- _Input material_
::::::

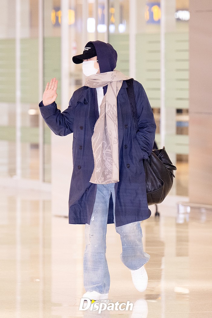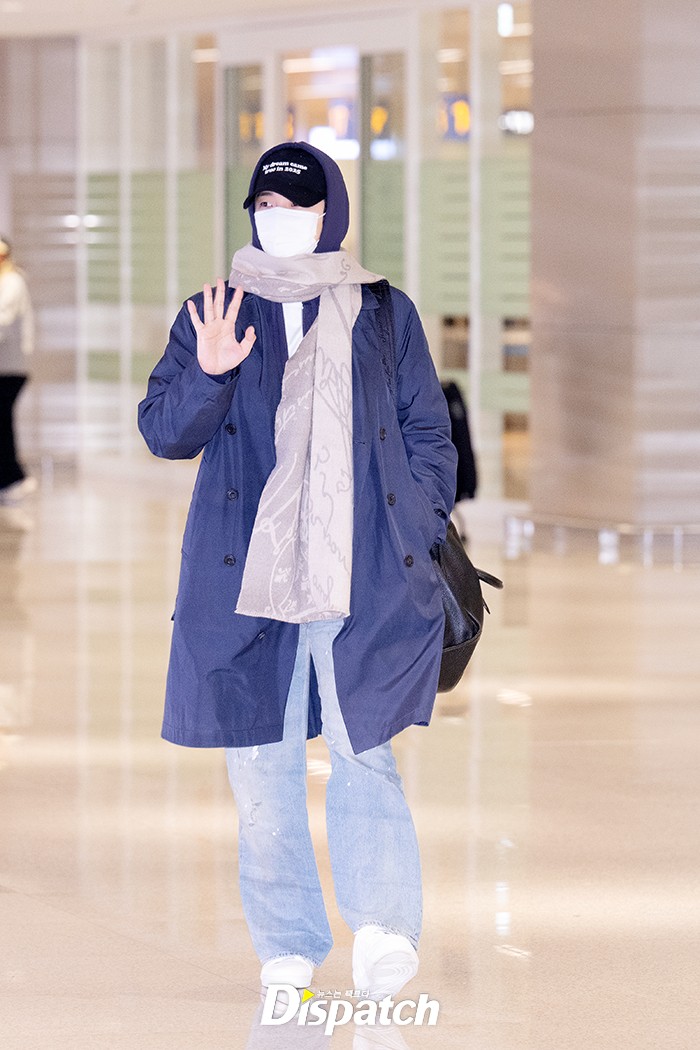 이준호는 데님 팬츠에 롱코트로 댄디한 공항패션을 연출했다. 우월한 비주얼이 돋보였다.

::::::

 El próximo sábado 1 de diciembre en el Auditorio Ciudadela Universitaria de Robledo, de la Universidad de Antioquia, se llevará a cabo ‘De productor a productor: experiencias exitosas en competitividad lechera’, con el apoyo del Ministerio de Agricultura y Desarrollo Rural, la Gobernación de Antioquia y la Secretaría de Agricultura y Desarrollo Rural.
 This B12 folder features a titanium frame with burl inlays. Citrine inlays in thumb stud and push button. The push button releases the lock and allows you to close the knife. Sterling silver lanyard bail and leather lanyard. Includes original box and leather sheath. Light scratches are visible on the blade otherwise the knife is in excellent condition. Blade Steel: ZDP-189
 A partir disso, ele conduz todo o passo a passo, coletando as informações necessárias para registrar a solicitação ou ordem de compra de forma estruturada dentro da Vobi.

::::::

- _Exercise description_
The range runs from the line with "El próximo sábado" up to and including the line with "A partir disso, ele" in the listing above; please write out exactly those lines and nothing more.

- _Completed task_
 El próximo sábado 1 de diciembre en el Auditorio Ciudadela Universitaria de Robledo, de la Universidad de Antioquia, se llevará a cabo ‘De productor a productor: experiencias exitosas en competitividad lechera’, con el apoyo del Ministerio de Agricultura y Desarrollo Rural, la Gobernación de Antioquia y la Secretaría de Agricultura y Desarrollo Rural.
 This B12 folder features a titanium frame with burl inlays. Citrine inlays in thumb stud and push button. The push button releases the lock and allows you to close the knife. Sterling silver lanyard bail and leather lanyard. Includes original box and leather sheath. Light scratches are visible on the blade otherwise the knife is in excellent condition. Blade Steel: ZDP-189
 A partir disso, ele conduz todo o passo a passo, coletando as informações necessárias para registrar a solicitação ou ordem de compra de forma estruturada dentro da Vobi.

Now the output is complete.